The area of today's Bosnia and Herzegovina has been inhabited since the Neolithic era. Neolithic population was supplanted by the Illyrians, followed by Roman settlers. In the first centuries AD, Bosnia was part of the Roman Empire.
Medieval Bosnia is characterized by different periods of the Bosnian Province, the Age of Ban Kulin and Kotromanic Dynasty, or the rule of Stjepan II Kotromanić. Under his reign the territory of Bosnia significantly expanded. After his death, Tvrtko 1 Kotromanić became the first Bosnian king, who took control and annexed Dalmatia and its islands to Bosnia. The more frequent incursions of the Ottomans caused unstable political climate in Bosnia and destruction of the Bosnian state.
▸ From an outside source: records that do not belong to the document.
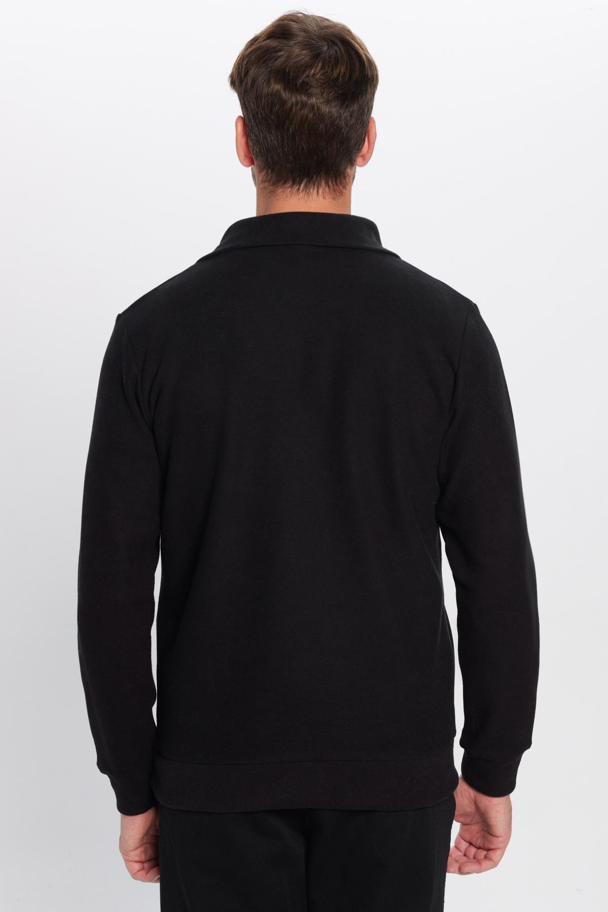 Unisex Relax Fit Rahat Kesim Fitilli Desenli Pamuklu Yarım Fermuarlı Siyah Dik Yaka Sweatshirt (SW240006-02)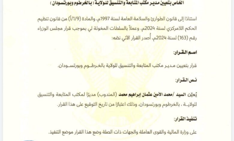 عهد والي وسط دارفور مصطفى نصر الدين أحمد تمبور منصب مدير مكتب المتابعة بولايتي الخرطوم بورتسودان للأستاذ محمد الأمين عثمان إبراهيم محمد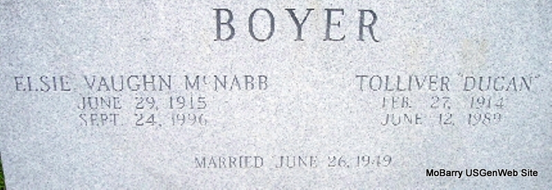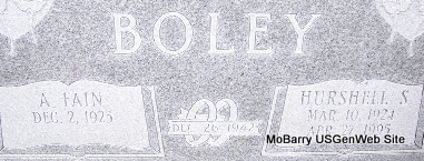 | BOLEY, A. Fain | Dec. 2, 1925 | No Date | SSW: Hurshell S. - Inscription: "Married Dec. 26, 1942" | Photo Fred and Neoma Sherman |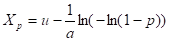 重现期为概率的倒数,a及u是极大值分布参数,计算公式为:

This was also the result of frequent change of Bosnian kings.
Ottoman Empire was essentially a military organisation that was only interested in new conquests and tax collection, and its administrative system was designed to provide for primarily two things: the people for the army and money for its payment. The Ottoman Empire raised taxes against Bosniaks, and there occurred the great revolt against the Ottoman Empire. At the famous "Congress of Berlin," it was decided that Bosnia, although theoretically still under Ottoman occupation, would be administered by the Austro-Hungarian Empire.
It was the age of the Austro-Hungarian rule. However, Slavic movements in neighboring countries had been working on the unification of the South Slavs. The First World War began when the Austro-Hungarian heir to the throne was assassinated in Sarajevo. After the collapse of Austria-Hungary, Bosnia and Herzegovina was included in the Kingdom of Serbs, Croats and Slovenes, which would later become the Kingdom of Yugoslavia. At that time the political life in Bosnia was marked by social and economic conflicts around the issue of ownership of property, and a few political parties were formed.
The establishment of the Kingdom of Yugoslavia in 1929 brought the redrawing of borders into the banates. This period was marked by the outbreak of World War I in Europe back in 1939, while Yugoslavia would become a target only after 25 March 1941 when it joined the Tripartite Pact, but soon came out of it after the coup d’etat. Yugoslavia was attacked on 6 April 1941.
Shortly after the Nazi forces conquered Yugoslavia, the whole of Bosnia and Herzegovina came under the control of pro-fascist Independent State of Croatia. After the war, the new constitution was adopted in 1946, and it officially recognized Bosnia and Herzegovina as a republic within the new Yugoslav state. From then until the last war in Bosnia and Herzegovina, it was the Socialist Republic of Bosnia and Herzegovina.
After elections in 1990, Bosnia and Herzegovina declared its sovereignty in October 1991, followed by a referendum for the disassociation of Yugoslavia. The war broke out in Bosnia and Herzegovina and it ended in 1995. On 21 November 1995, a peace agreement was signed in the USA city of Dayton, which ended a three-year war (final agreement was signed in Paris on 14 December 1995).
Today, Bosnia and Herzegovina is recognized as an independent, sovereign state with full legal personality, based on the values of peace and reconciliation and ready for Euro-Atlantic integration. The Constitution is one of the annexes (Annex IV) of the Dayton Peace Agreement.